Давид возвращается на кухню, уже в рубашке.
– Что ты сделал? – с интересом спрашиваю я, когда после цикла мойки меня все-таки ждет “облом” и шапки пены у стока я не наблюдаю.
– Прочистил, – Давид пожимает плечами и расслабленно улыбается. – Ваш мастер, часом, не от магазина приезжал? Работать ему явно не хотелось.
За такой подвиг я даже наливаю ему лишнюю чашку кофе и даже яда в неё не добавляю, а надо бы.
Эх. Еще обиднее стало.
– Ну надо же, – мама смотрит на меня, округляя глаза. Мол, красивый, рукастый, чего тебе надо еще, Надя. Ах, мама, если бы все было так просто. И не сыпь мне соль на рану!
– Как много ты, малыш, умеешь делать руками, – не без одобрения замечаю я. Он ухмыляется, мол, это еще что, ты еще много не видела. Увы, и не увижу.
– А тебе не пора собираться? Мы ведь с тобой обедаем сегодня, – нахально напоминает Давид, – а время как раз для этого.
– Неа, не обедаем, – с легким сожалением откликаюсь я.
– Мы договаривались.
Легкая мрачность моему богу все-таки идет, ему вообще все идет, кроме жены.
–Обед – это ведь однозначно свидание, так?
– Какая умная богиня, – нахаленок прицокивает языком, застегивая верхнюю пуговицу на рубашке.

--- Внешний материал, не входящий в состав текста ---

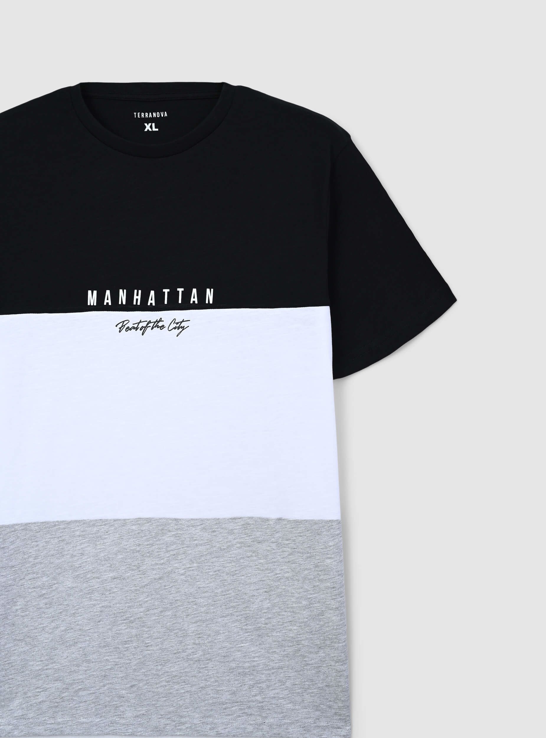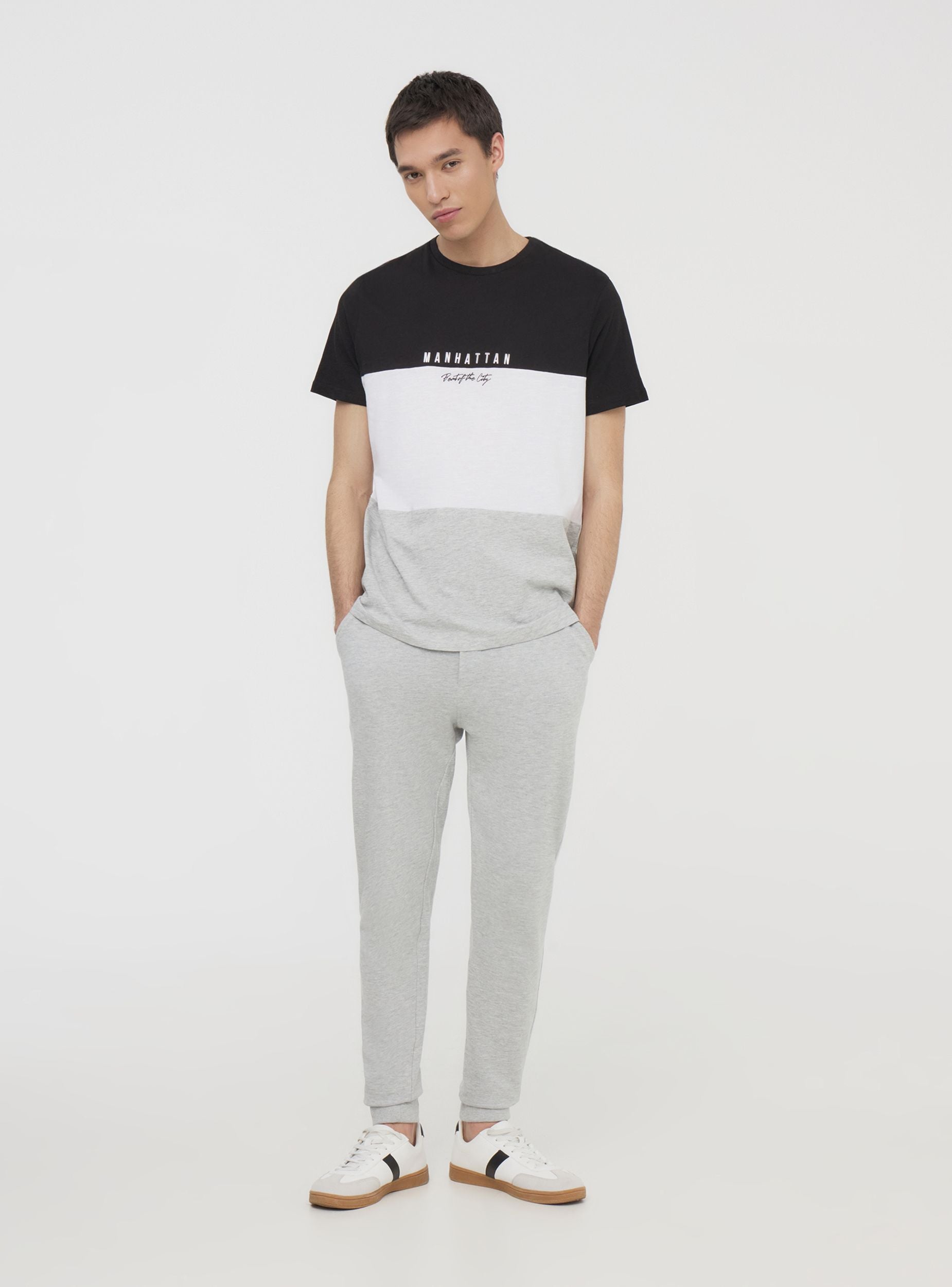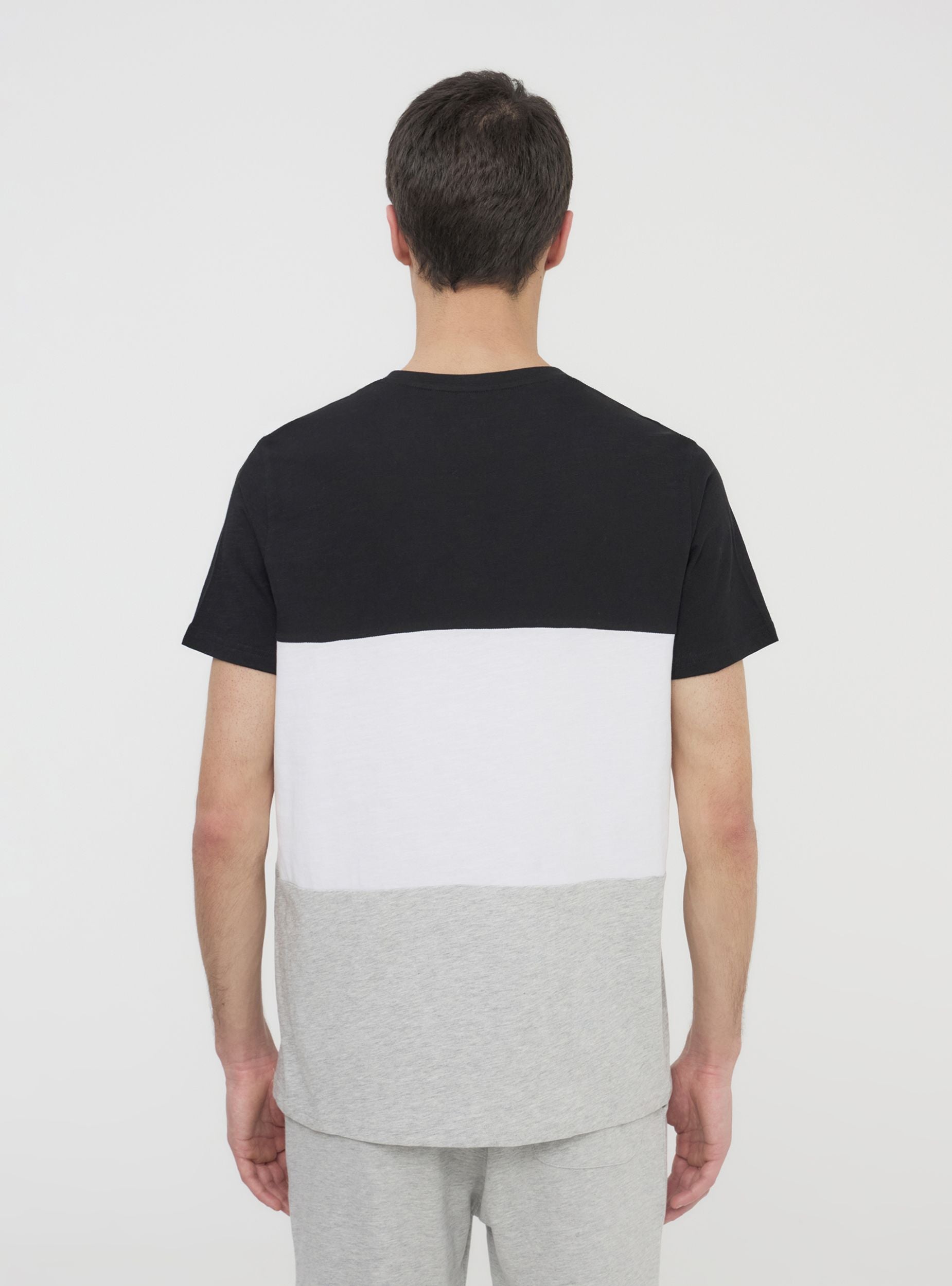 Men's short-sleeved t-shirt with a crew neck, featuring a block colour design that adds a modern and distinctive touch. The printed text on the chest enhances the urban style, making it ideal for casual and dynamic outfits. Perfect to pair with jeans or shorts for a relaxed yet refined look, it is suitable for leisure time, city strolls, and informal gatherings with friends.Details

– Я не хожу на свидания с женатыми мужчинами, – категорично качаю головой я, внутренне вздыхая по самому факту женатости этого возмутительно красивого типа.
Мама за моей спиной округляет глаза, мол, как же так? Я чудом не развожу руками. Ну, я ж не виновата, я же с ним вообще второго раза встречаться не собиралась.
Если сказать точнее, я в принципе не практикую свидания. Раз в год хожу на встречи, спасибо Тиндеру, что облегчил коннект, вспоминаю, насколько же гадость эти официальные отношения, и снова перестаю ходить на эти самые “свидания”.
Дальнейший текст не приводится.